More than 10 years ago, Marc Andreessen penned his famous quote “software is eating the world” in his article “Why Software Is Eating the World”.

If we think about it, at the present day, the idea that “every company needs to become a software company” is considered almost a cliché. From lifts to home appliances to cars to airliners to smartphones, modern civilisation is powered by software. But to create the software you need to write a code.

Programming languages rise and fall in popularity over the years, depending on their complexity, how well they perform and how their adoption is affected by big shifts in technology.

If we were to commence a conversation about a programming language, most certainly 3 languages would take the stage: Phyton, Java and Javascript.

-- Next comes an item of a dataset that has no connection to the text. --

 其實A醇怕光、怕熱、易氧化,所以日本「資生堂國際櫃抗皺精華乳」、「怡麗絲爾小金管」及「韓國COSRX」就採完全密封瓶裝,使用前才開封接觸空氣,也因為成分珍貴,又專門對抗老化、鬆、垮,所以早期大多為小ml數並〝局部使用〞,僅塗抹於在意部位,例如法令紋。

After all, they are the most popular programming languages according to the survey made by Stack Overflow. 

Notwithstanding that there are hundreds of languages for a developer to choose from, there is a programming language that has exploded in popularity, and it's used in huge open source projects, like Kubernetes, HUGO, Docker, Prometheus and Terraform, which is Go Language (aka Golang).

In this article, I will be explaining more about this language. What is Go exactly? How does it compare to other programming languages? What problems does it solve? What is their Unique Selling Proposition?

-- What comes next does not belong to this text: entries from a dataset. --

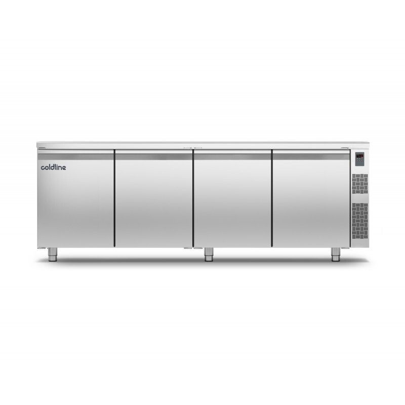 Cette table réfrigérée positive -2°C +8°C de COLDLINE en construction monocoque tout inox 18/10 arrière et dessous compris dispose d'un volume de 560 litres, d'angles internes arrondis, d'un tableau de commandes à gauche ou à droite, d'un évaporateur ventilé, d'un plan de travail renforcé épaisseur 40 mm avec bords arrondis, de pieds réglables en hauteur, d'une porte avec maintien en position ouverte à 105°, de joints de portes magnétiques facilement démontables, d'un évaporateur traité anti-corrosion, du dégivrage automatique par gaz chaud et réévaporation automatique des condensats, d'un thermostat électronique et d'un affichage digital. Isolation 60 mm sans CFC. Alimentation : 230 V. Gaz réfrigérant : R404a.
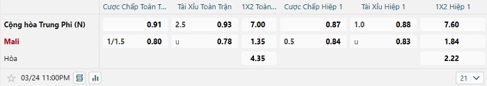 Tip kèo Châu Á hiệp 1 CH Trung Phi vs Mali
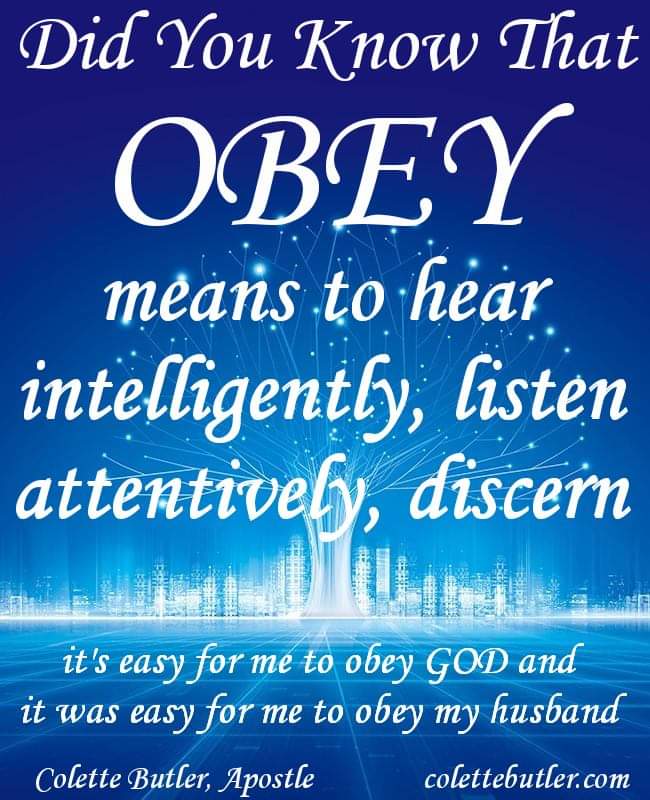 So, let us look at what the word “obey” really means. It means to in the direction to hear to persuade, trust, have confidence be confident. It is not a word that means to bow down and kiss someone’s behind nor is it a word to be afraid of. Obey is a beautiful thing when it comes to marriage. To obey means that you trust someone, you have confidence in them, you are in the direction to hear and you being attentive is to obey.

Nevertheless, before you make any hasty assessment about it, bear with me a bit and let’s first take a quick overview of this programming language. After we will see the advantages and disadvantages regarding Golang and if you should use this language on your next project.

If you are not new to this language you can go ahead and skip to the boon and bane of Golang. ;)

Syone Go Language

What is Go (aka Golang)?

As it is written on their site: Go is an open source programming language that makes it easy to build simple, reliable, and efficient software.

In 2007, 3 engineers from Google (Robert Griesemer, Rob Pike, and Ken Thompson) frustrated by some of C++’s inefficiencies and overcomplicated nature, designed the Go language, which would work better for Google’s workflows.

Their goal was to build an improved C++ that was much easier to use (Go is very similar to C’s disciplined syntax) while at the same time having some of Python’s simplicity and Javascript’s useful features.

In layman’s terms, Go was created to simplify the process of software development, particularly for complex architecture and processes.

Benefits of using Go?

Let’s be honest with each other, experience suggests that a programming language is good if it helps us write programs which are:

  • easy to read
  • easy to understand
  • and easy to modify

And Go checks out all of those boxes!

Coming from a company like Syone, the fact that Go is an open-source project is simply the icing on the cake. Nevertheless, Go is expressive, concise, clean, and efficient. At least that is their USPs.

However, I’ve realized that there are a bunch of mixed feelings regarding Go in the developer community.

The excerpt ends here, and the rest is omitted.